TASK DESCRIPTION |
Before you write out the listing, remove the pictures; everything else stays exactly as it is.
*** Opening of SUPPLIED DATA ***
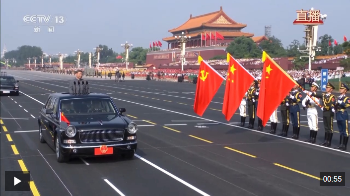 偉大旗幟光耀千秋。中國共產(chǎn)黨黨旗、中華人民共和國國旗、中國人民解放軍軍旗在受閱部隊最前方迎風招展。檢閱車行進至黨旗、國旗、軍旗前,敬禮號角響起,習近平停車肅立,以注目禮向三面旗幟莊嚴致敬。 yhF安康新聞網(wǎng)
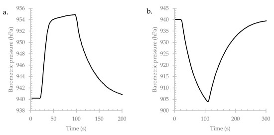 The literature also reports smaller barometric chambers in which pressure was manually controlled by injecting volumes of air and checking a barometric pressure gauge [10,17,29]. Although such designs are technically feasible, they require the user to continuously check the pressure and, despite this, poor performance (i.e., accuracy, stability) is expected to occur while controlling the pressure. In addition, reproducing real pressure fluctuations would hardly be achieved by manual control, since the changes in barometric pressure are small and occur very slowly in nature.
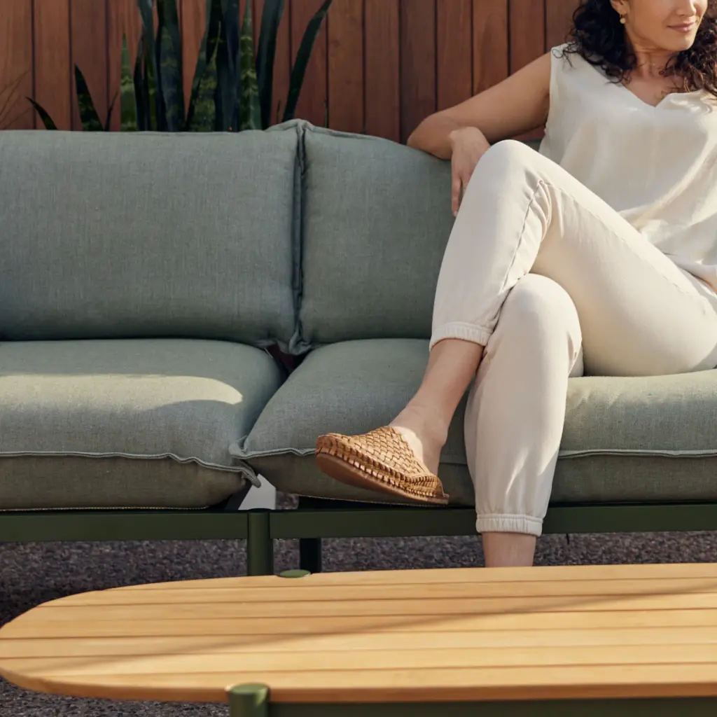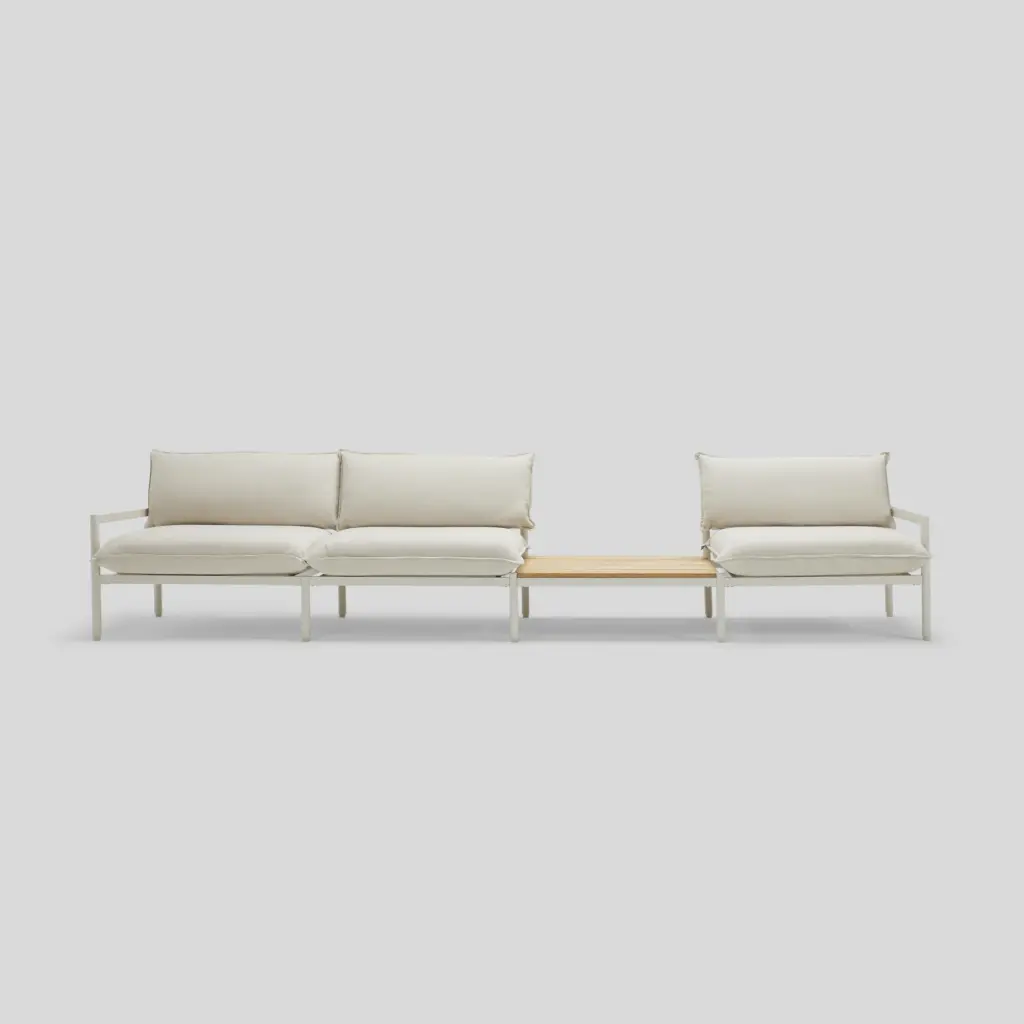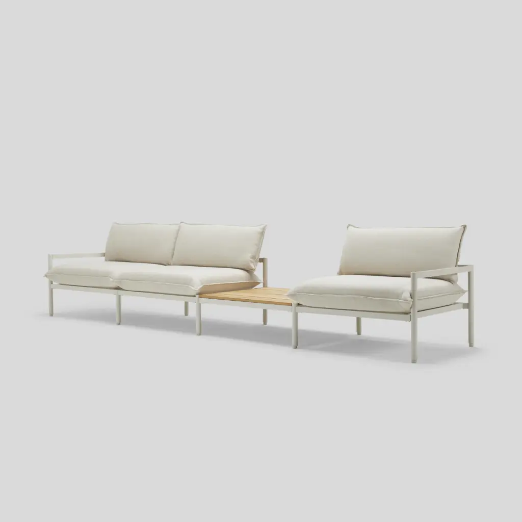 The Terra lounge collection gives you our highest level of outdoor comfort yet. Easy to clean and designed to last in all weather, it’s made with a matte-finish aluminum frame and recycled Sunbrella® fabric made exclusively for Neighbor. This combination includes a small or large In-line table that can fit between two modules or as an attached end table.
*** Close of SUPPLIED DATA ***
ANSWER SPACE |
 偉大旗幟光耀千秋。中國共產(chǎn)黨黨旗、中華人民共和國國旗、中國人民解放軍軍旗在受閱部隊最前方迎風招展。檢閱車行進至黨旗、國旗、軍旗前,敬禮號角響起,習近平停車肅立,以注目禮向三面旗幟莊嚴致敬。 yhF安康新聞網(wǎng)
 The literature also reports smaller barometric chambers in which pressure was manually controlled by injecting volumes of air and checking a barometric pressure gauge [10,17,29]. Although such designs are technically feasible, they require the user to continuously check the pressure and, despite this, poor performance (i.e., accuracy, stability) is expected to occur while controlling the pressure. In addition, reproducing real pressure fluctuations would hardly be achieved by manual control, since the changes in barometric pressure are small and occur very slowly in nature.
 The Terra lounge collection gives you our highest level of outdoor comfort yet. Easy to clean and designed to last in all weather, it’s made with a matte-finish aluminum frame and recycled Sunbrella® fabric made exclusively for Neighbor. This combination includes a small or large In-line table that can fit between two modules or as an attached end table.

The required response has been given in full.